Carmen Calvo

(Valencia, 1950)

Reconstruction series

1985

mixed media, collage, gouache

38 x 52 cm

Inv. no. 5107

BBVA Collection Spain



Carmen Calvo’s practice is defined by the organicity of unique found, fragmented and modelled objects, as well as by a quasi-museumlike thoroughness in rendering her works. Her interest in Egyptian art and archaeology can be traced back to her years in Paris when she availed of the opportunity to frequent the Louvre and the Père Lachaise graveyard. Those experiences fed into an innate curiosity which led the artist to compile apparently mundane, albeit highly meaningful materials and to arrange her works in such a way that they seem to have been buried or interred.

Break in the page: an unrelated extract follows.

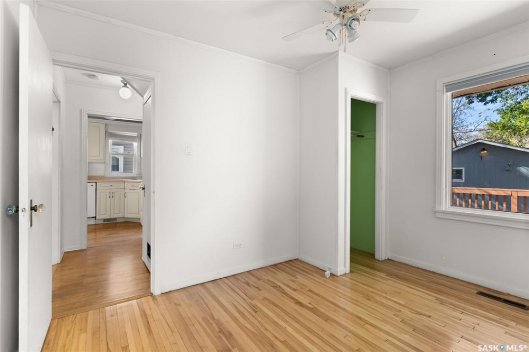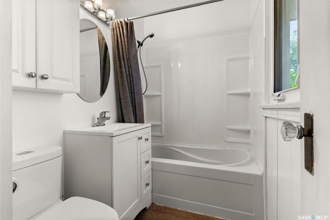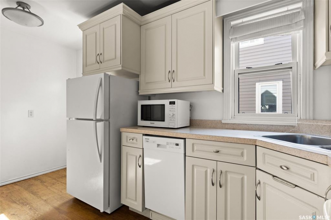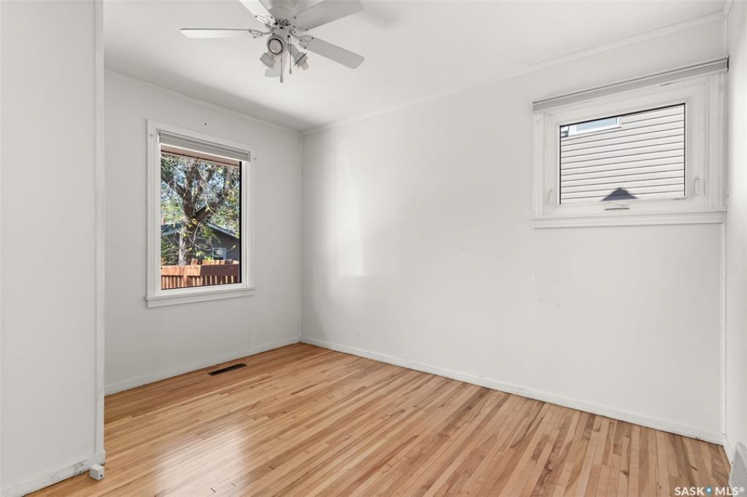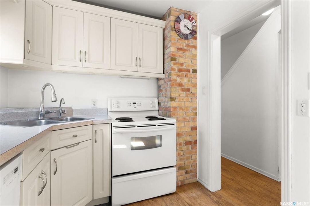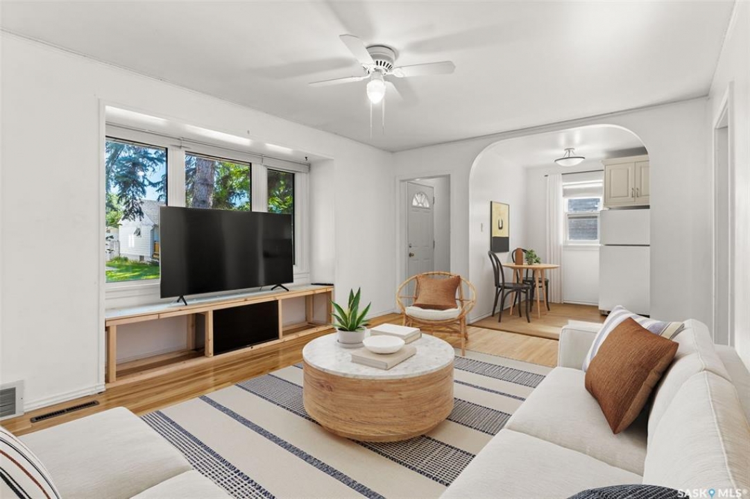 Welcome to 2822 Argyle Street – an incredible opportunity to own a charming home in one of Regina's most desirable neighborhoods for just $299,900! This well-cared-for 1 � story, 939 sq ft home is perfectly situated in the heart of Lakeview, just steps from Kiwanis Park and within walking distance to schools, coffee shops, the library, shopping, bike paths, and more. Homes in this location rarely come available. Full of character and warmth, this home has been loved by only four owners. Inside, you'll find a bright and inviting living room, a remodelled kitchen with built-in dishwasher, a sunlit dining space, and gorgeous hardwood floors throughout. The main floor also features a large bedroom with an oversized window and a full bath. Upstairs, two generous bedrooms showcase rich hardwood flooring, updated windows, and ample closet space. The basement offers a 4th bedroom (windows may not meet egress), plus laundry, utilities, and plenty of storage. The sewer line has also been updated for peace of mind. Sitting on a beautiful lot, the yard is private with mature trees, a large deck, and an oversized single garage with added parking and a paved alley. This home has seen plenty of updates over the years including: central A/C, windows, siding, shingles, bathroom and more—ensuring peace of mind for the next owner. If you've been dreaming of living in Lakeview, this is your chance. At just $299,900, this home combines location, charm, and affordability in one package. Book your private showing today! *Some virtually staged photos.
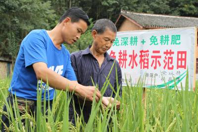 湖北省竹溪县引导农民科学种田,采取高产高效栽培技术,搞好农作物病虫害防治,使全县8万多亩水稻长势良好,丰收在望。图为8月23日,农技人员在县河镇明家湾村明昌凤的水稻田里,查看水稻使用免深耕的水稻长势情况。 地址:湖北省竹溪县电视台 沈耀武 沈传华摄 邮编:442300 电话:13886801618

With the title Reconstruction Series, this fan is one of the two objects intervened by Carmen Calvo which were presented at Otros abanicos (Sala de Exposiciones Banco Exterior, 1985), a group show curated by Natacha Seseña and produced by Fundación Banco Exterior, in which 29 artists were given absolute freedom to decorate fans, both large and small, folding and fixed. In 1988 the exhibition travelled to the Spanish Institute in New York and in 1990 to Palacete del Embarcadero in the port of Santander. In the catalogue, images of the pieces on show were accompanied with texts commissioned to Francisco Umbral, Camilo José Cela, Antonio Gala and Elisa de Rojas, among others.

This piece belongs to an experimental body of work bearing the same title, which, together with the Landscapes, Writings and Compilation series, comprises one of Calvo’s most significant lines of research. In this case, the white poster board fan is appended with a number of small geometric figures, also made in poster board. The result is a delicate piece, in which the cuttings have been made in an organised, rhythmic fashion, partially completing the figure and hinting at the reconstruction of a whole from discovered remnants. Carmen Calvo often uses the silhouettes of objects and compilations of fragments and disparate elements to explore ideas on memory and remains.

In the exhibition catalogue, this piece was accompanied by a text by Rosa Chacel examining the act of painting a fan and the materialisation of the invisible atmospheric phenomenon of the wind, arguing that decorating a fan could be equated with painting something as evanescent as the breeze.